Lembranças
Recordo um cidadão, humilde no espírito, no coração. Quase diariamente passava na rua, no início da manhã. Carregava um paneiro. Dentro, algumas galinhas, quatro, cinco.
Eu era pequeno, deveria estar com uns 11 anos. Nunca soube o nome daquele cidadão, o vendedor. Era “o galinheiro”, apenas isso, o “galinheiro”. Assim o conhecíamos.
Homem magro. Roupa simples. Vez por outra mamãe comprava uma galinha. Aquela criada no quintal, a caipira.
Ficava eu na calçada, parado, observando minha mãe escolher a galinha. E aquele humilde cidadão ia embora, paneiro na mão.
Manhã ensolarada, nuvens, céu brilhante. Caminhava com paciência, sem pressa. Despreocupado. Apreciava isso: sua calma, paciência.
Creio que fosse isso a me tocar, a humildade dele, a paciência. Bem, viveu a vida dele, assim, sem grandes pretensões, sem vaidades. Nada disso.
Percebia, ele era feliz. Ao modo dele.
Mais à frente alguém o chamava. Vendia outra galinha. Eu entrava em casa – e deparava-me com mamãe sacrificando a ave. Cortava-lhe o pescoço, no quintal. A vítima se debatia, morria. Sangue escorrendo.
Ela (minha mãe) me dizia: –----- Pega a vassoura, lava esse sangue, antes dele endurecer (coagular).
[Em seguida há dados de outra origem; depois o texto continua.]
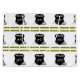 A cena do crime do policial mostra carro policial, crachá, algemas policiais e fita adesiva da cena do crime que diz Não Cruzar.
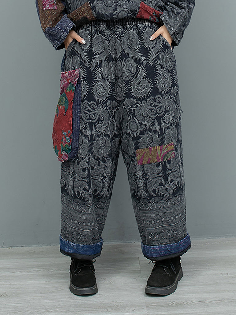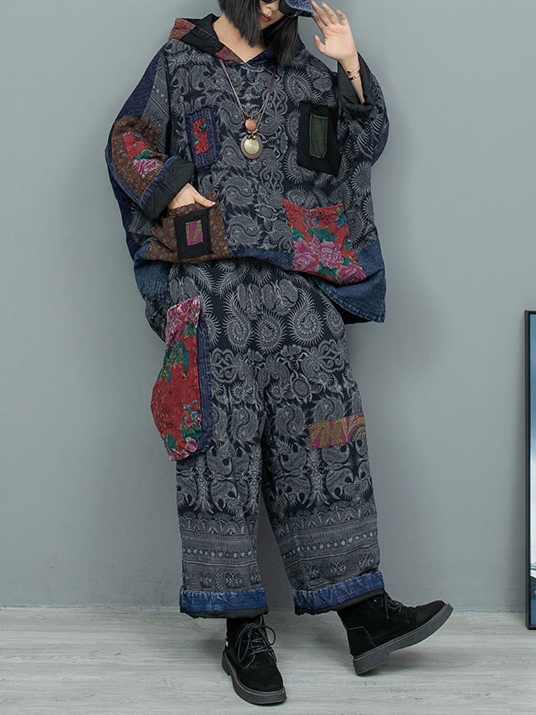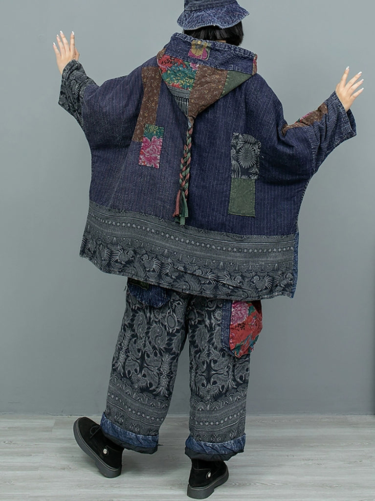 Trajes acolchados de lino con patchwork retro de otoño para mujer

Gostava muito de almoçar galinha com molho, batata, macarrão, arroz, farinha. Comia com gosto.
Bem, julgo esta narrativa algo de pouca (ou nenhuma) importância. Não sei. Mas uma coisa verídica, real.
Isso me ficou gravado na mente. E me faz bem, relaxo-me lembrando disso. Ah! Minha mãe.
Daquele vendedor, roupa simples, humilde. Certamente já falecido. Eu, garoto, observando o homem com as aves, paneiro na mão, caminhando despreocupadamente.
E de ter de lavar o sangue. Me provocava mal estar aquela tarefa.